RECORDS:
▶
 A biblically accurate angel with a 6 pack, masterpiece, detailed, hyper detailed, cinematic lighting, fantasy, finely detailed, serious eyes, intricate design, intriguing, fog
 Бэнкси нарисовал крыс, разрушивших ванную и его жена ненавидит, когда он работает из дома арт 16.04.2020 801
◀
▶
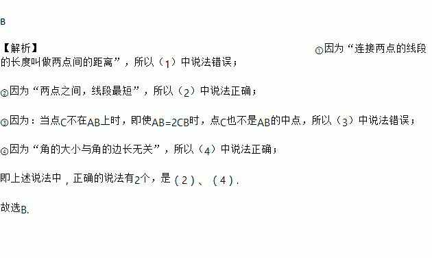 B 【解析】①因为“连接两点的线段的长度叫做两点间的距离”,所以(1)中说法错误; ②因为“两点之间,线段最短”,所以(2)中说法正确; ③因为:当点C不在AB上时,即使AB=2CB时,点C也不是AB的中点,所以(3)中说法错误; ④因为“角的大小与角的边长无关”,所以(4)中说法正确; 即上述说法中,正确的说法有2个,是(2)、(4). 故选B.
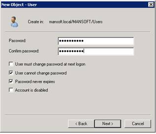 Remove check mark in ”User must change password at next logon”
◀
ASSIGNED TASK:
When the line with "A biblically accurate" is reached in the data above, start copying there, and copy each line exactly until the line with "Бэнкси нарисовал крыс, разрушивших" has been copied; copy nothing else.

RESULT OF THIS EXERCISE:
 A biblically accurate angel with a 6 pack, masterpiece, detailed, hyper detailed, cinematic lighting, fantasy, finely detailed, serious eyes, intricate design, intriguing, fog
 Бэнкси нарисовал крыс, разрушивших ванную и его жена ненавидит, когда он работает из дома арт 16.04.2020 801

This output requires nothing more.